▶ [WHAT THE EXERCISE ASKS]:
The lines running from the one that contains "Es folgt ein" to the end of the records below are what to reproduce, exactly and without pictures.
"""
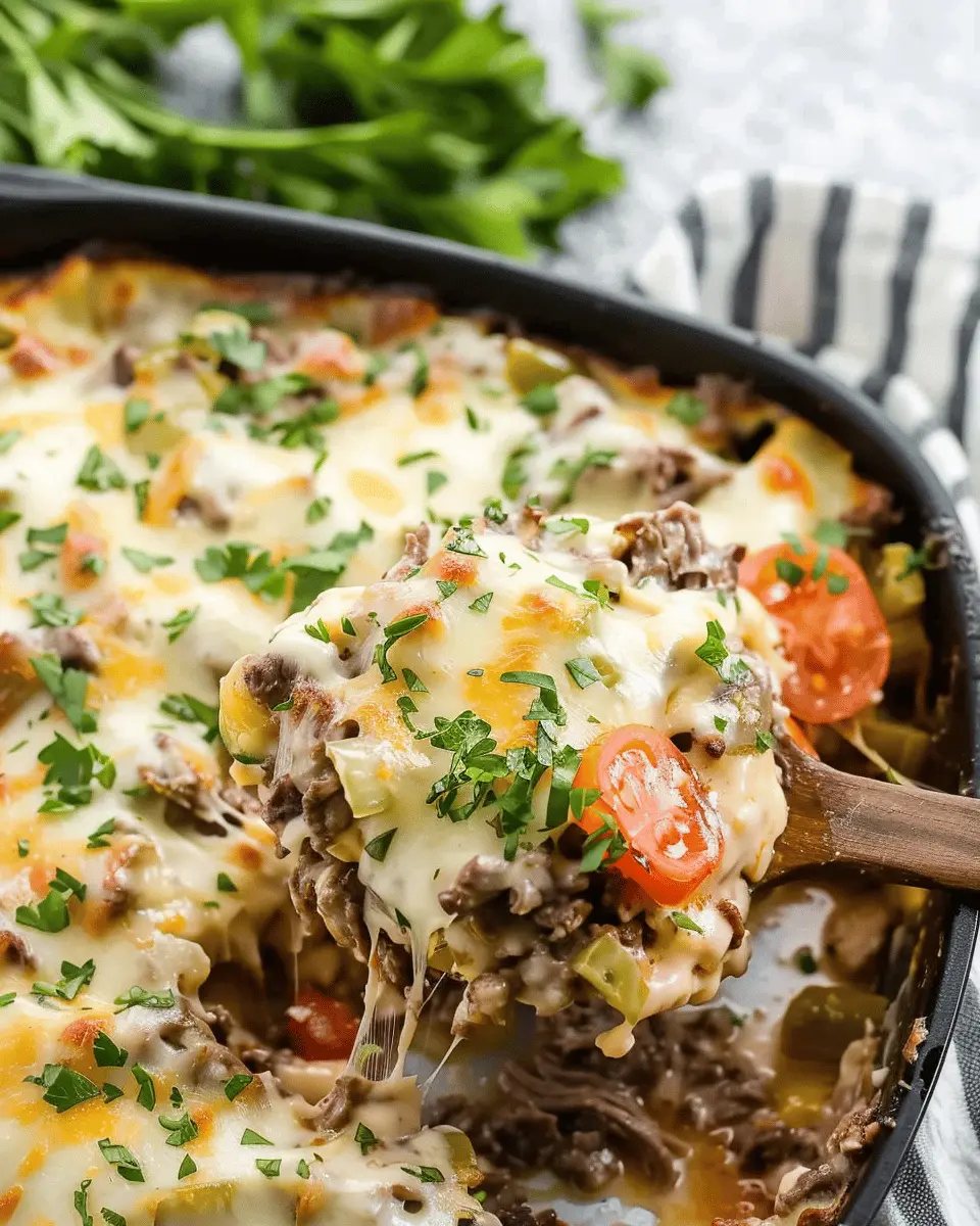 Presentation matters, especially when entertaining! A sprinkle of freshly chopped parsley or chives over your Low Carb Philly Cheese Steak Casserole adds a pop of color and an inviting aroma. For a touch of creaminess, consider a dollop of sour cream or a sprinkle of provolone cheese just before serving.
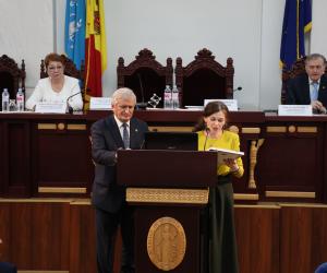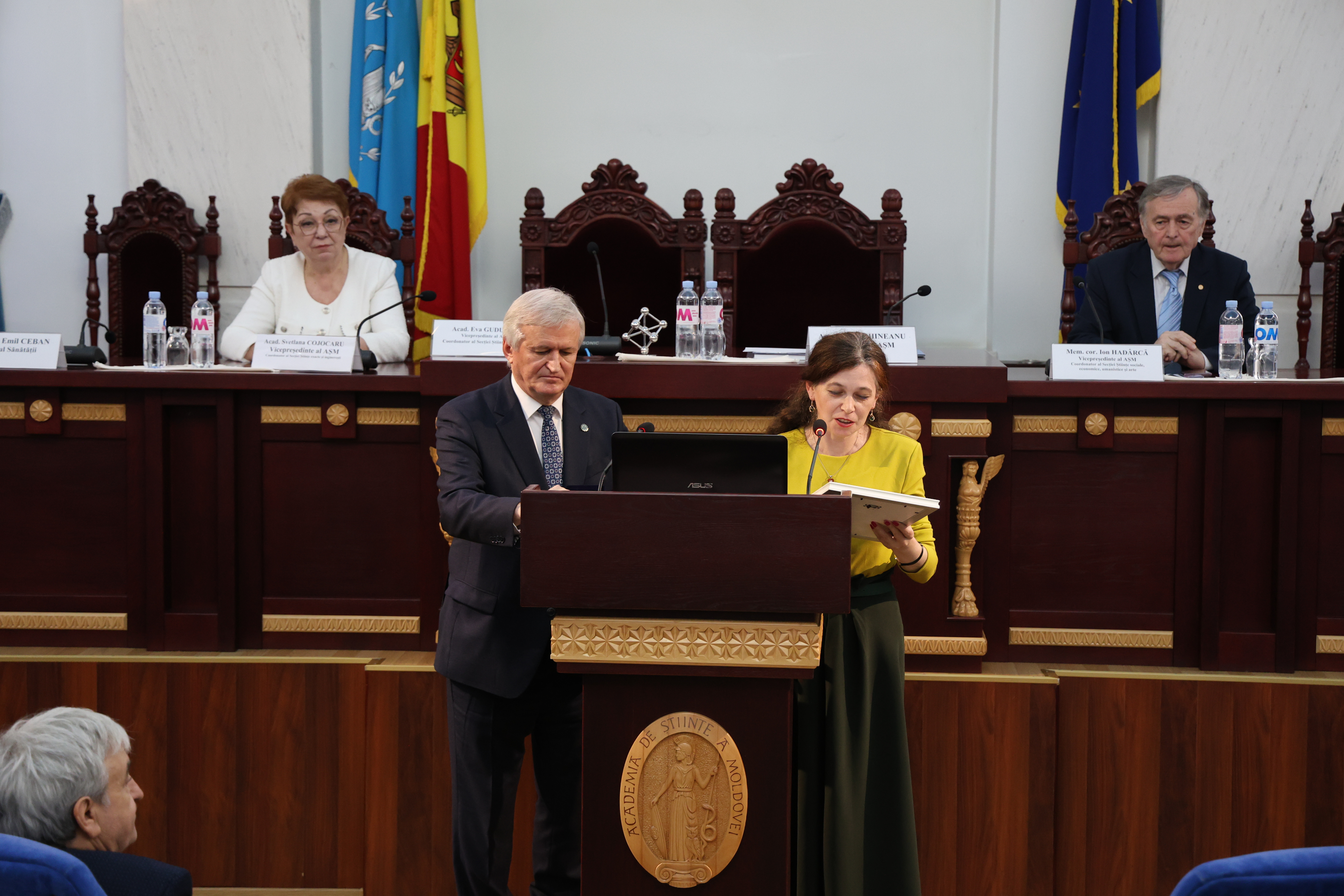 Tot în cadrul evenimentului, acad. Ion TIGHINEANU a dat citire unui mesaj de salut transmis de domnul Dan PERCIUN, ministrul Educației și Cercetării, în care a fost apreciată contribuția comunității academice la dezvoltarea cercetării științifice, promovarea culturii naționale și consolidarea dialogului dintre știință, educație și societate.
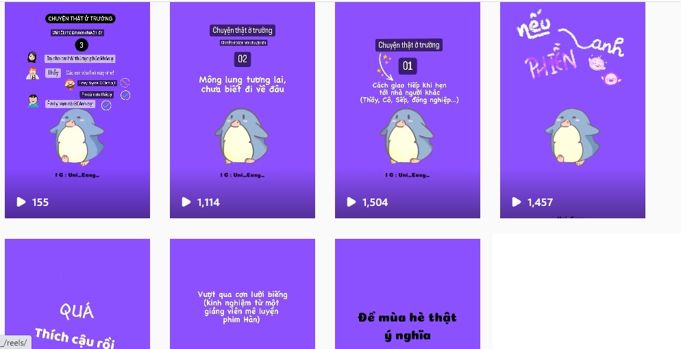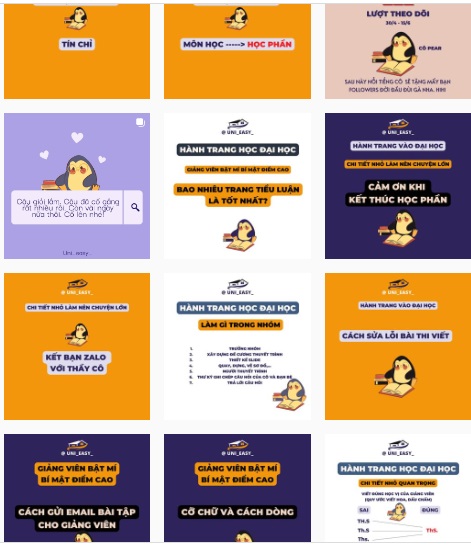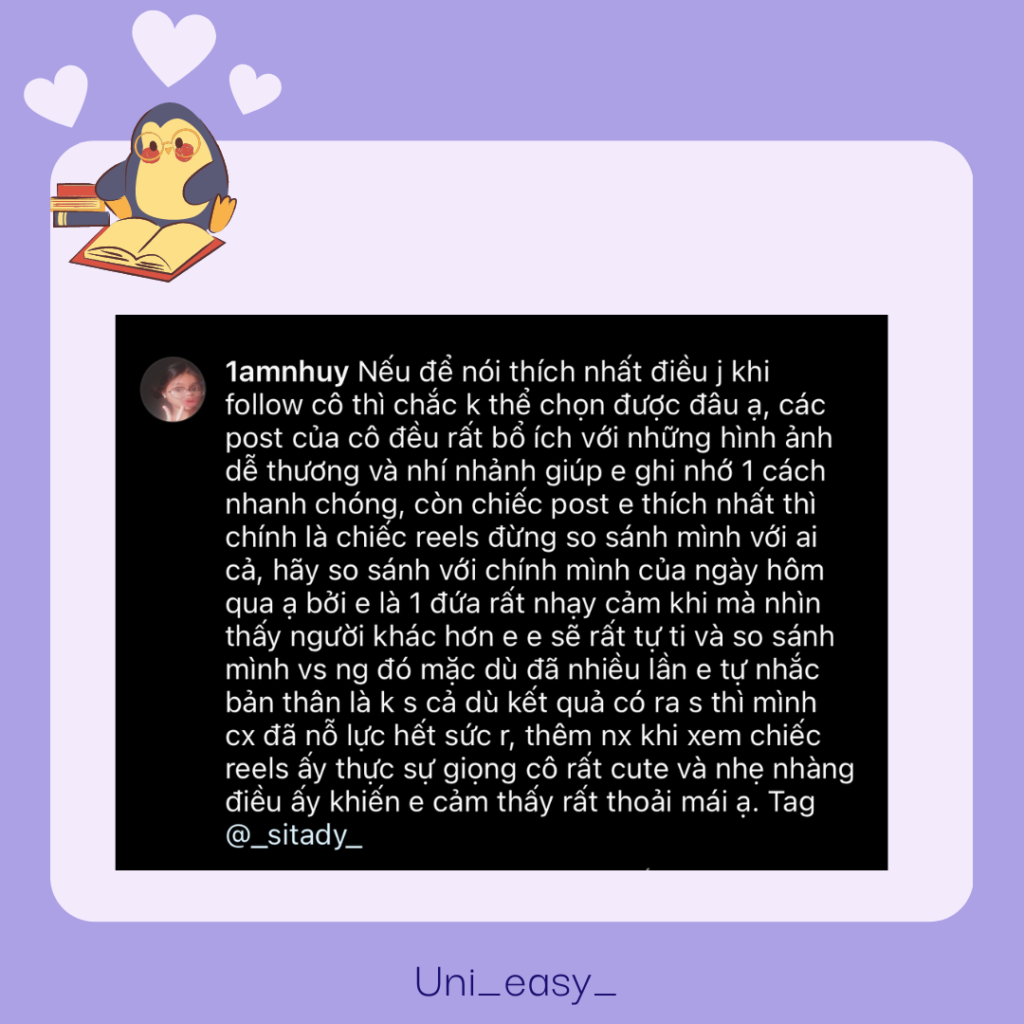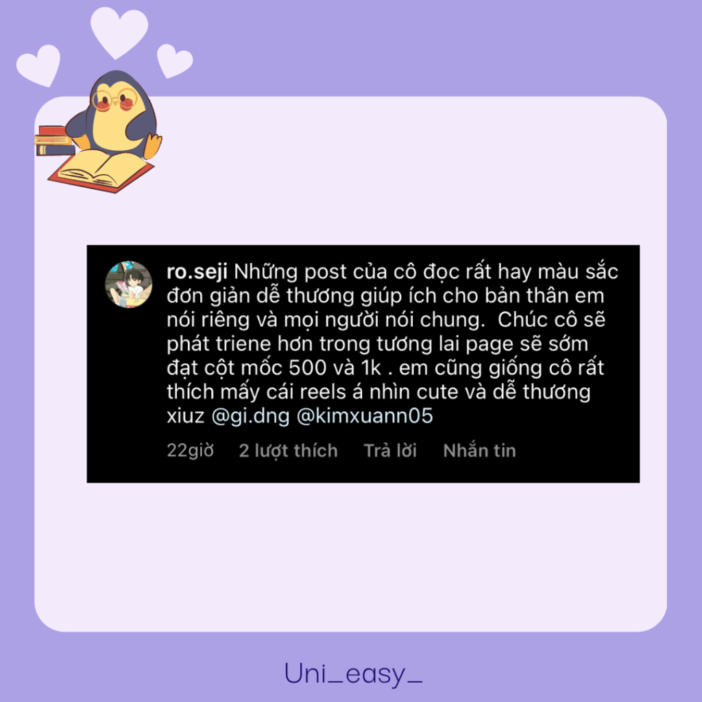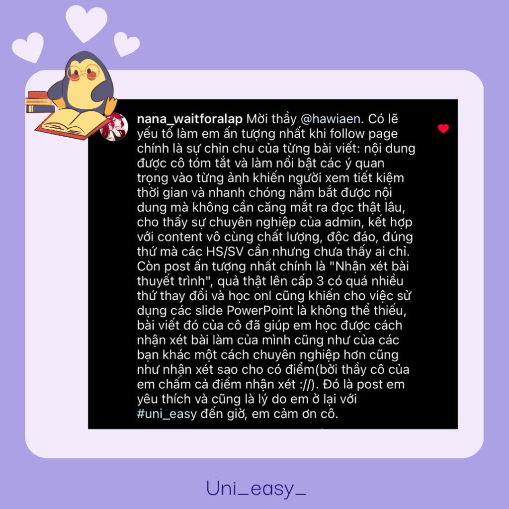 Ting ting…. tại là cô đây! Cô Pear với biểu tượng chim cánh cụt nhún nhảy, background màu tím mộng mer chào các em đến với Instagram Uni_Easy_
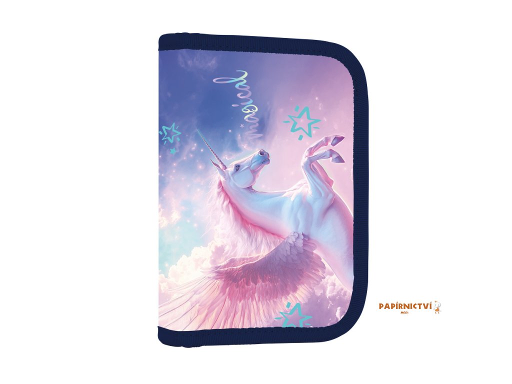 Jednopatrový školní penál s 2 chlopněmi, prázdný obsahuje 25 gumových poutek pro uchycení psacích potřeb. Na vnitřních chlopních jsou průhledné fólie pro rozvrh hodin..
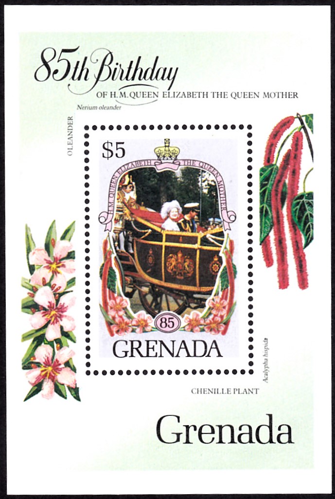 Es folgt ein Block aus Grenada (MiNr Block 142 mit Marke MiNr 1394) zum 85. Geburtstag von Königinmutter Elisabeth. Auf der Marke sehen wir die Königinmutter in einer Prunkkutsche.
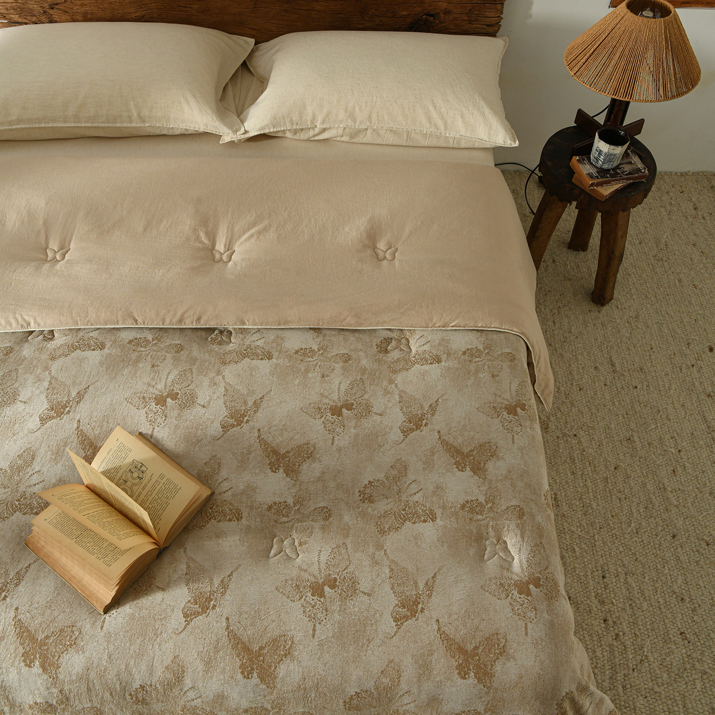 • 91家纺网 家纺一手货源 找家纺 (总)松色家居 2026新款全棉蚕丝冬被被子被芯-蝶韵-香槟
"""
▶ [COMPLETED TASK]:
 Es folgt ein Block aus Grenada (MiNr Block 142 mit Marke MiNr 1394) zum 85. Geburtstag von Königinmutter Elisabeth. Auf der Marke sehen wir die Königinmutter in einer Prunkkutsche.
 • 91家纺网 家纺一手货源 找家纺 (总)松色家居 2026新款全棉蚕丝冬被被子被芯-蝶韵-香槟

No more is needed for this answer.